── The records

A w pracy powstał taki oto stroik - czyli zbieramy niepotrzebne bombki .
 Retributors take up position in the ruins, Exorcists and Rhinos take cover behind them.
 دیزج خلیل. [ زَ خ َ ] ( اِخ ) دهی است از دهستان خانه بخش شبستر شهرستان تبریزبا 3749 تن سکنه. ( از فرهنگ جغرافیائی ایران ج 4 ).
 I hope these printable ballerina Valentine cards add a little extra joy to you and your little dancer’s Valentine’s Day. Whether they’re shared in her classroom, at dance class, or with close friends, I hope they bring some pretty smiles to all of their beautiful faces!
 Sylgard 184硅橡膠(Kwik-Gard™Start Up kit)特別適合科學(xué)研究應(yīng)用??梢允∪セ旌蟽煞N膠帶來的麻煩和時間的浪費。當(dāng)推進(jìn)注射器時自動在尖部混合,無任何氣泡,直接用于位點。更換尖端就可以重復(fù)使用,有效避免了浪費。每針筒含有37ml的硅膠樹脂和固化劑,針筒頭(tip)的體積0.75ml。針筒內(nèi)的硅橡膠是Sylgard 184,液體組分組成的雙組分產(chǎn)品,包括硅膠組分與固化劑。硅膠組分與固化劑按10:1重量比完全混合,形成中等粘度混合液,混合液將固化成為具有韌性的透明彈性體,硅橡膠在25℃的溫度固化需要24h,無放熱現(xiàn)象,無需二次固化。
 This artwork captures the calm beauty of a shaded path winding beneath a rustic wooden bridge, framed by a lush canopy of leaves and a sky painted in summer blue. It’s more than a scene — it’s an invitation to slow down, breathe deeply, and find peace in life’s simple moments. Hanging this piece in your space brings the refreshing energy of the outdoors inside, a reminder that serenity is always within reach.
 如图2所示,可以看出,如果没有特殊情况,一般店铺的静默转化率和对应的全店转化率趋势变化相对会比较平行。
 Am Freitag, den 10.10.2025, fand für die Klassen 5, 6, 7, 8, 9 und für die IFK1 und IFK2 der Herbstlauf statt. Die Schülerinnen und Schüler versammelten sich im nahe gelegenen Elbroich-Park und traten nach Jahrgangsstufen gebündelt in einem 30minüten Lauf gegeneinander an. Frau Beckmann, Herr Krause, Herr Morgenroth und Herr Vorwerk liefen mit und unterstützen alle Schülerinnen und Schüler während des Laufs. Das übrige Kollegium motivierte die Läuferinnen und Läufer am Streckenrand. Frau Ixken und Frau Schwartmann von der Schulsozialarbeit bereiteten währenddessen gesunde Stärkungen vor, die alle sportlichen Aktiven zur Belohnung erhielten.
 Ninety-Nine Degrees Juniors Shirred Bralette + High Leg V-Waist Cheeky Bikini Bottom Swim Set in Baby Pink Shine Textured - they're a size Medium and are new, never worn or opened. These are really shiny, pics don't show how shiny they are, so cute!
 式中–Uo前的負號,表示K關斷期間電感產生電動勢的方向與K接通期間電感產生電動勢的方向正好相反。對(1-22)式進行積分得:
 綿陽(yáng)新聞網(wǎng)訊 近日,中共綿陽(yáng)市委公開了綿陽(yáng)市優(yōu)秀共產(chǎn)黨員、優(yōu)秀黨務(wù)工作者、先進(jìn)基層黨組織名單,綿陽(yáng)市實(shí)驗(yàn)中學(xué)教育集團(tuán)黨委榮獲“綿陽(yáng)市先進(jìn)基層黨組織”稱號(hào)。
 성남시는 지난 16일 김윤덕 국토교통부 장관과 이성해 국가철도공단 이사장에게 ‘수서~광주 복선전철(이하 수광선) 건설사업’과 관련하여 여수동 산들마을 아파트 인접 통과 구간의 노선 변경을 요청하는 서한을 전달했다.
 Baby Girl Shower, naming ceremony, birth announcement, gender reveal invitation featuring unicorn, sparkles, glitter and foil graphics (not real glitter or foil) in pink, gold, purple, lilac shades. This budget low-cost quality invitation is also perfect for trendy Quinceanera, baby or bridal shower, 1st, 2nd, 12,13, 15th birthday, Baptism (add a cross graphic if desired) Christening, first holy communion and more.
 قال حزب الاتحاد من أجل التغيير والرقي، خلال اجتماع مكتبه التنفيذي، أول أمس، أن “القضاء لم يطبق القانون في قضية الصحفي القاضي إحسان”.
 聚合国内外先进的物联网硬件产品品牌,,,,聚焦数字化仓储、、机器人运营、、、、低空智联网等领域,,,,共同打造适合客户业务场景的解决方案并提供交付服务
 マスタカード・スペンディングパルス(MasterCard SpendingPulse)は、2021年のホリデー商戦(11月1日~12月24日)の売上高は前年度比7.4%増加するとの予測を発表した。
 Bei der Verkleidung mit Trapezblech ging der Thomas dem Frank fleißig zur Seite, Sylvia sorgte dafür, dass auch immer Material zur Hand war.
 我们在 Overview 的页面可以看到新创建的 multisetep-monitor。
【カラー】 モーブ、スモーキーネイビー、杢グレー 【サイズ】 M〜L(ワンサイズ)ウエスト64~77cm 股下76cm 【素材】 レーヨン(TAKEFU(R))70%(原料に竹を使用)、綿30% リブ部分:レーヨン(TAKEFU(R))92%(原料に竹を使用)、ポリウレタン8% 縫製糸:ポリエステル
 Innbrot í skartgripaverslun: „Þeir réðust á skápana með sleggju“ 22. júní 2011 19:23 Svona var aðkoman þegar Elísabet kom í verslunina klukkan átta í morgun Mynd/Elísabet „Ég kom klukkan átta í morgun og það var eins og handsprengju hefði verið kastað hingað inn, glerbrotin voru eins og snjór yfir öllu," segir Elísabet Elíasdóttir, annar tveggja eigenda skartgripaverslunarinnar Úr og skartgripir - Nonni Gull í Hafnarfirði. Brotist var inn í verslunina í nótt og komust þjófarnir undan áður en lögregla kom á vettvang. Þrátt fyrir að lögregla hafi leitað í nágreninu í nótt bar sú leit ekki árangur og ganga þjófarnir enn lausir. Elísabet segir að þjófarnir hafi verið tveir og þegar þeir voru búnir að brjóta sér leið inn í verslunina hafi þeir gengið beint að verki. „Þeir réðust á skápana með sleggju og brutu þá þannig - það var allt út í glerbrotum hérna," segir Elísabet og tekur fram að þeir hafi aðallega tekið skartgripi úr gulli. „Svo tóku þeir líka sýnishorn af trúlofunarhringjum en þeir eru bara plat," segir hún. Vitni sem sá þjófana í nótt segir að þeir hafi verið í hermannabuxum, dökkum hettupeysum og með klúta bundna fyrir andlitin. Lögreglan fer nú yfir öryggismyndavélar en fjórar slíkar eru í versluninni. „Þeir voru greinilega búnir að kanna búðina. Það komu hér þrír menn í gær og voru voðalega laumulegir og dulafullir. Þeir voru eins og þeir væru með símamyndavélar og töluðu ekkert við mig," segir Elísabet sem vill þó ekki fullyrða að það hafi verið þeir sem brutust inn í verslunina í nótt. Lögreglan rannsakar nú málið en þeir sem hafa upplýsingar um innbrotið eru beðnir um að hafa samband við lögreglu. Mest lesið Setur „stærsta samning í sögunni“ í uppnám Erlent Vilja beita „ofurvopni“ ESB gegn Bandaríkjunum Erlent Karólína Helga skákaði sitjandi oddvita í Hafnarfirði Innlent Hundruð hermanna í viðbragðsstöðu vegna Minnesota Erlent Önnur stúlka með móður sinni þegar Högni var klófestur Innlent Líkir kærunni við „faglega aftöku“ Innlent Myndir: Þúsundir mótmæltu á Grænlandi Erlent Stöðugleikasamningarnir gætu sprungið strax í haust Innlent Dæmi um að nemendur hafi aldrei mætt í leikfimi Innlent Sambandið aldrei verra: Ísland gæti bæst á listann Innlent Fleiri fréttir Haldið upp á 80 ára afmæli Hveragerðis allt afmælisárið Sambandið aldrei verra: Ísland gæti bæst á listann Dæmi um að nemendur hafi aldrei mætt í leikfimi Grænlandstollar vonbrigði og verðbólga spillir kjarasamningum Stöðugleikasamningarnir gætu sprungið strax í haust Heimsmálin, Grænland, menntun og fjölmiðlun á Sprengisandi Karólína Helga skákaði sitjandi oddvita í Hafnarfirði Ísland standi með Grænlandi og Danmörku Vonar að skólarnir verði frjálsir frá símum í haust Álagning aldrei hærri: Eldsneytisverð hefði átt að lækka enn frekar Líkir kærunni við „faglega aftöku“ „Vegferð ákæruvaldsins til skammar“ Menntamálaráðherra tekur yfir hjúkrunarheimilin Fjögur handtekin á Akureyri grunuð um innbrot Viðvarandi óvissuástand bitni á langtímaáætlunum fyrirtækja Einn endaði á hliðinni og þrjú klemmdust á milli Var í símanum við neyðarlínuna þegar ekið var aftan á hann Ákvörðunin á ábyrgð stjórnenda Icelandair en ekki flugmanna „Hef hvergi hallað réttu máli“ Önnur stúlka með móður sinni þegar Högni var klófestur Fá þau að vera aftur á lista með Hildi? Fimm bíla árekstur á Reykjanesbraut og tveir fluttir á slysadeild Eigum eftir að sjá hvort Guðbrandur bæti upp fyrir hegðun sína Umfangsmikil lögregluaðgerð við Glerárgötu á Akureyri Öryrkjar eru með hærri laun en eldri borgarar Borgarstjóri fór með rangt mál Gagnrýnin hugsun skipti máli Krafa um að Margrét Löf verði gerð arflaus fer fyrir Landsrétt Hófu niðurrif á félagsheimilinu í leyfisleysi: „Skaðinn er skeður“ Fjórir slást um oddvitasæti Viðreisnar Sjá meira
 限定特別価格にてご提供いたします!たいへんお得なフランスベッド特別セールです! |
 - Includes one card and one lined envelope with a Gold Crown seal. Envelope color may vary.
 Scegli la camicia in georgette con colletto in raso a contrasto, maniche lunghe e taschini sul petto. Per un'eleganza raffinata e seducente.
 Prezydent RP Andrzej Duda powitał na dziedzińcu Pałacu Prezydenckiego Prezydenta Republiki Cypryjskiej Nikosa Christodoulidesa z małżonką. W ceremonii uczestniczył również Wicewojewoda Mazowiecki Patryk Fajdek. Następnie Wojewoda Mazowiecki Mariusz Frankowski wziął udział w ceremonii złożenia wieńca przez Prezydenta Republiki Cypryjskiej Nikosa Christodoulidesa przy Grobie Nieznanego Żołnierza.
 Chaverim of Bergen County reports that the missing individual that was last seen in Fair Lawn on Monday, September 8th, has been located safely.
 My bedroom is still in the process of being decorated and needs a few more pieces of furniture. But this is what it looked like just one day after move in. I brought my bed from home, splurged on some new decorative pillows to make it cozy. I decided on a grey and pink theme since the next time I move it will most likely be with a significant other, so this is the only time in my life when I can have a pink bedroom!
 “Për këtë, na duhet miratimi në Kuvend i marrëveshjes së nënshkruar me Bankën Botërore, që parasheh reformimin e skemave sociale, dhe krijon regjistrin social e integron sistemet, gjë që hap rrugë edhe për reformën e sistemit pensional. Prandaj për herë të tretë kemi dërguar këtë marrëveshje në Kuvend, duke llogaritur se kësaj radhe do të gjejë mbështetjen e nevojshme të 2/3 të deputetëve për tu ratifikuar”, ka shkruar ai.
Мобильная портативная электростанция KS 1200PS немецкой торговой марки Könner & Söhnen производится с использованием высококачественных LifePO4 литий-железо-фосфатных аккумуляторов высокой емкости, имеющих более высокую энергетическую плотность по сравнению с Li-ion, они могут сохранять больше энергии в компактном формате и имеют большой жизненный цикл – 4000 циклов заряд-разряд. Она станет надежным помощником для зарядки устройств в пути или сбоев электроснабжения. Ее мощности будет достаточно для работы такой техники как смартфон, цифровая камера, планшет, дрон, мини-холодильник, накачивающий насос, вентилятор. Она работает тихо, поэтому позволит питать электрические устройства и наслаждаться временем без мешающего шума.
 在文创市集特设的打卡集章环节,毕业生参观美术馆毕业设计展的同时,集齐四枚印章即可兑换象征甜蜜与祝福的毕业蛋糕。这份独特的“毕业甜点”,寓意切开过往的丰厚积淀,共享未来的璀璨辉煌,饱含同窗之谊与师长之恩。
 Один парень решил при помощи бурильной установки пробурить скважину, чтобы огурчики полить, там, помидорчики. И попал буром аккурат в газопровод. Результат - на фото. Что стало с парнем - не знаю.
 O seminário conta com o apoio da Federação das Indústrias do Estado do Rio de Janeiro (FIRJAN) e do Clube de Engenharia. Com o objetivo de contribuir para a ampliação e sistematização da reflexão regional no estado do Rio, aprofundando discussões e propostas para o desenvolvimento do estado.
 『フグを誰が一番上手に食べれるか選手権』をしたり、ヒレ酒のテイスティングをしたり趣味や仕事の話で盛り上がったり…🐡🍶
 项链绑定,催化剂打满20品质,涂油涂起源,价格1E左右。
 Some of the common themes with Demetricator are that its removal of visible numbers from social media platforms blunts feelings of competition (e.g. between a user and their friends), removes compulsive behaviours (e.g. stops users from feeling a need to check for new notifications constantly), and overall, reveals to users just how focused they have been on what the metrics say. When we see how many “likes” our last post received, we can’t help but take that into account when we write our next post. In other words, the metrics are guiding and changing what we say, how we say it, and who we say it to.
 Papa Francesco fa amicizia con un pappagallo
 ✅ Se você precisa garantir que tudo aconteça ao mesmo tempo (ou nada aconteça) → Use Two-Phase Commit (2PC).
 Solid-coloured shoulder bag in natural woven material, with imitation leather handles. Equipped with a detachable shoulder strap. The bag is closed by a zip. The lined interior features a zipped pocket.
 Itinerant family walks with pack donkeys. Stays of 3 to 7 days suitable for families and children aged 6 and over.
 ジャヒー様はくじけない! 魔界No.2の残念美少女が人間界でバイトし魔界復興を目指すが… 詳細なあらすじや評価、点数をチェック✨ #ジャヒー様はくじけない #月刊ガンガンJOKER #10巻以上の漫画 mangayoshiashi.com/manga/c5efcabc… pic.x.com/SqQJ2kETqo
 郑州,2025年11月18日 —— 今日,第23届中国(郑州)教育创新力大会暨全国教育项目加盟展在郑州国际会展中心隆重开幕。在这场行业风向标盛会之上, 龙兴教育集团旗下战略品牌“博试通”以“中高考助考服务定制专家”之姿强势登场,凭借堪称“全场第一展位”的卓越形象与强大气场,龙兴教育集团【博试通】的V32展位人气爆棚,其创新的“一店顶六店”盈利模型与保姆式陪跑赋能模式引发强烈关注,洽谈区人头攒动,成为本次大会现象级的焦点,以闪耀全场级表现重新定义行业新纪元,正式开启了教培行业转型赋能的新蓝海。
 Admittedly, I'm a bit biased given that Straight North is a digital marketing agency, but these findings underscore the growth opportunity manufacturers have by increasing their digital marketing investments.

────

Aim of the exercise: Which lines in the listing hold the word "been"? Copy them out.

Expected output:
 Chaverim of Bergen County reports that the missing individual that was last seen in Fair Lawn on Monday, September 8th, has been located safely.
 Some of the common themes with Demetricator are that its removal of visible numbers from social media platforms blunts feelings of competition (e.g. between a user and their friends), removes compulsive behaviours (e.g. stops users from feeling a need to check for new notifications constantly), and overall, reveals to users just how focused they have been on what the metrics say. When we see how many “likes” our last post received, we can’t help but take that into account when we write our next post. In other words, the metrics are guiding and changing what we say, how we say it, and who we say it to.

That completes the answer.